As a member of the Flint Public Health Youth Academy, she assisted in the planning of public awareness campaigns on issues such as gun violence and how racism impacts public health.

“I wanted to be surrounded by people who weren’t going to cover up the whole fact that people are still having problems,” Sima remarked. “I was able to … share my life (with) anybody else who’s going through what I’m going through.”

She complained a decade ago that drinking water made her stomach pain. Her mother insisted that it would help Sima’s body flush out the medication she was taking for an autoimmune disease, which was causing her hair to come out in sections and leaving her skin with light blotches.

Residents began reporting skin rashes and complaints about discolored, odorous, and foul-tasting water shortly after the city began drawing from the Flint River to save money before it could connect to a new Lake Huron pipeline. However, they were told that everything was alright.

Sima claimed she was unaware of the issues until one of her elementary school classmates, Mari Copeny, a 7-year-old beauty pageant winner known as Little Miss Flint, started protesting. Mari became the crisis’s face, and she continues to raise awareness of environmental justice concerns among her almost 200,000 Instagram followers, as well as funds for water filters that she distributes in communities around the United States.

“I want to keep on using my voice to spread awareness about the Flint water crisis because it’s not just Flint that has a water crisis,” Mari went on to say. “America has a water crisis.”

Almost a year and a half after Flint made the transition, homeowners dissatisfied with the water quality contacted an expert, who discovered excessive lead levels caused by the city’s inability to add chemicals that prevent pipe corrosion. State officials had stated that these were superfluous. Around the same time, a pediatrician observed that levels in children’s blood had doubled since the changeover.

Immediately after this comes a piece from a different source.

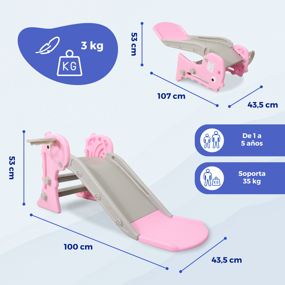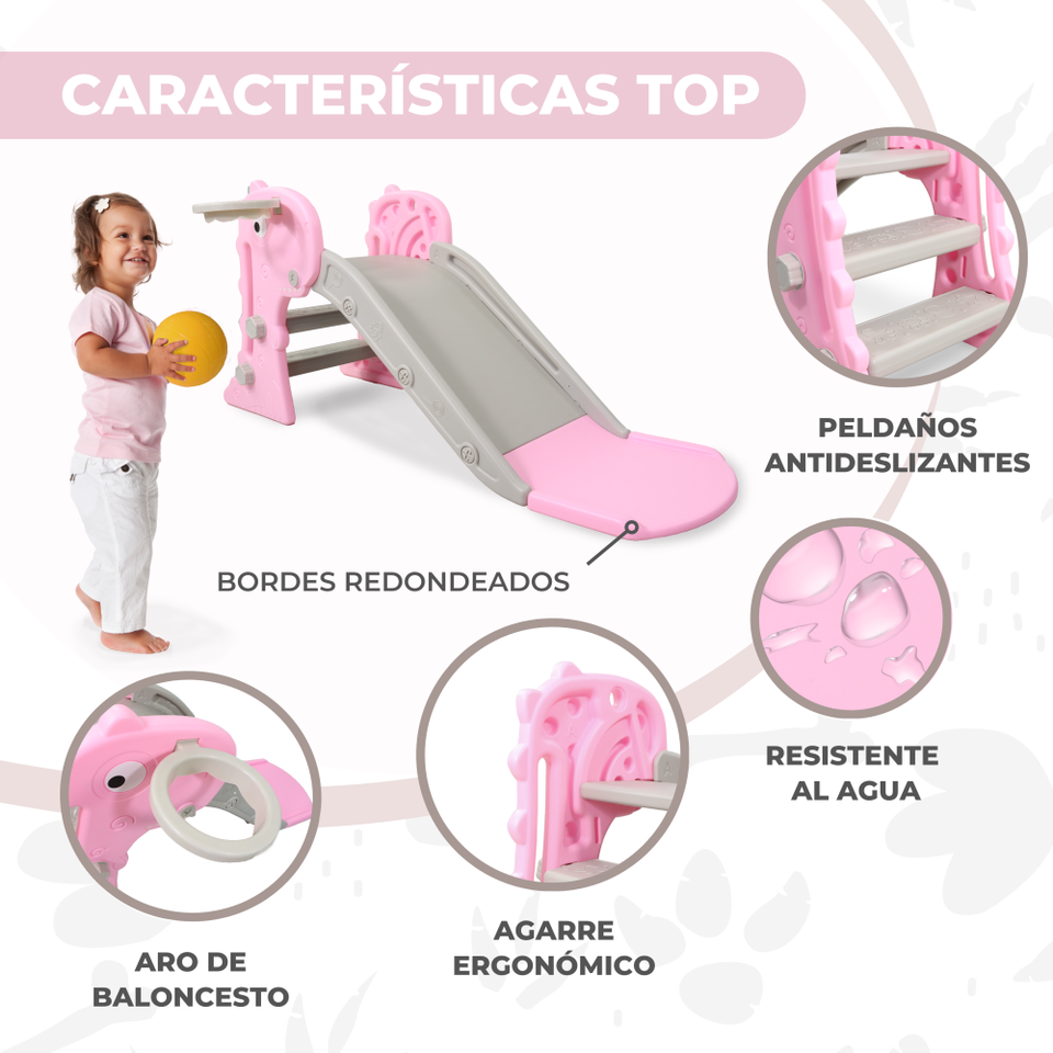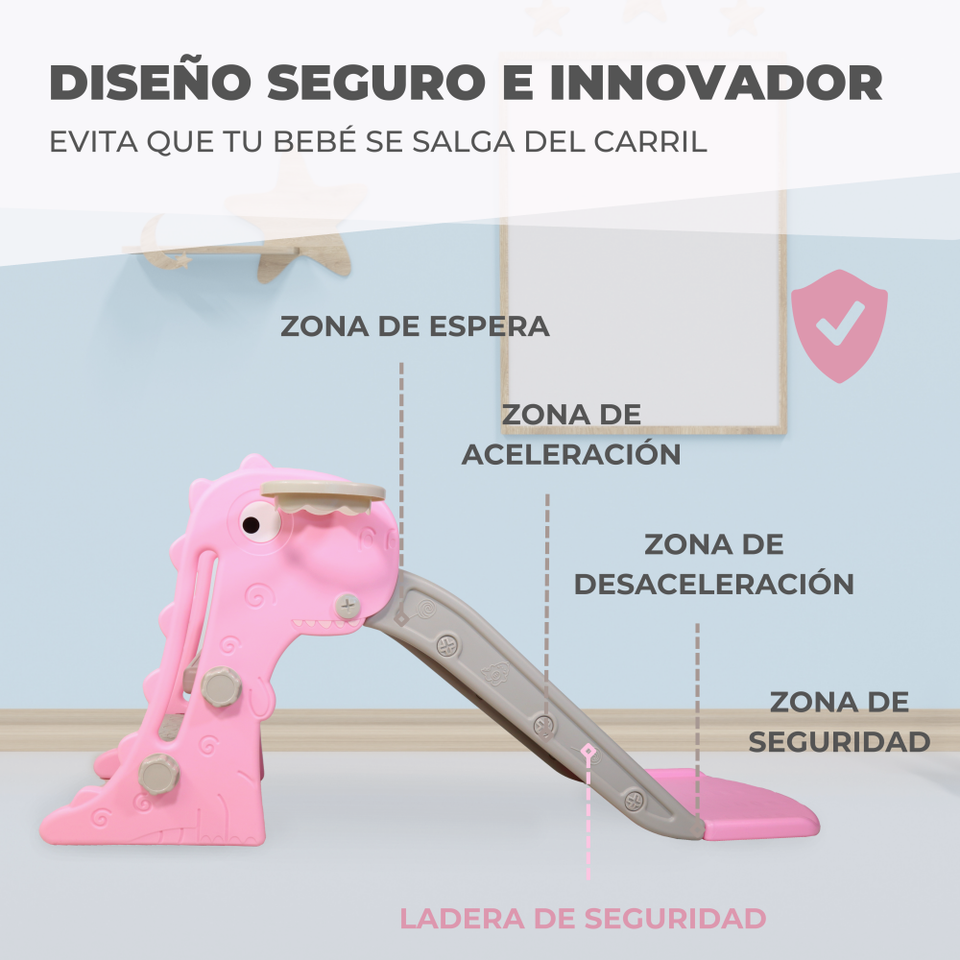 Dino Mobiclinic Pink Toy Slide for Children Foldable with Basket and Ball Rounded Edges Non-Slip Steps Max Weight 35 kg

Outbreaks of Legionnaire’s disease, which resulted in a dozen deaths, were eventually traced to the city’s water supply.

Flint reconnected to its previous water line shortly thereafter, but the pipes continued to leak lead. The state gave households filters and bottled water.

Lead is a strong neurotoxin that can harm children’s brains and neurological systems, impairing learning, behavior, hearing, and speaking. There is no safe level of exposure throughout childhood, and issues can appear years later.

Dionna Brown, who was 14 when the water crisis started, grew interested in lobbying after taking an environmental inequality class at Howard University. She’s now building her life around it, pursuing a master’s degree in sociology at Wayne State University with the goal of becoming an environmental justice lawyer.

flint

AP – VOR News Image

Children Of Flint Water Crisis Make Change As Young Environmental And Health Activists

She is also the national director of Young, Gifted & Green’s youth environmental justice initiative, which was previously known as Black Millennials for Flint and was formed by Washington advocates to help Flint recover from the disaster.

Every year, Brown hosts a two-week summer environmental justice camp in Flint to educate youth about policy, climate justice, sustainability, and housing inequality. She also works with children in Baltimore and Memphis.

She claimed that the Flint water crisis strengthened the children’s resilience.

“I tell people all the time: I’m a child of the Flint water crisis,” Brown added. “I love my city. And we made it clear to the world that you couldn’t just poison a city and expect people to forget about it.”

SOURCE – (AP)

Kiara Grace is a staff writer at VORNews, a reputable online publication. Her writing focuses on technology trends, particularly in the realm of consumer electronics and software. With a keen eye for detail and a knack for breaking down complex topics.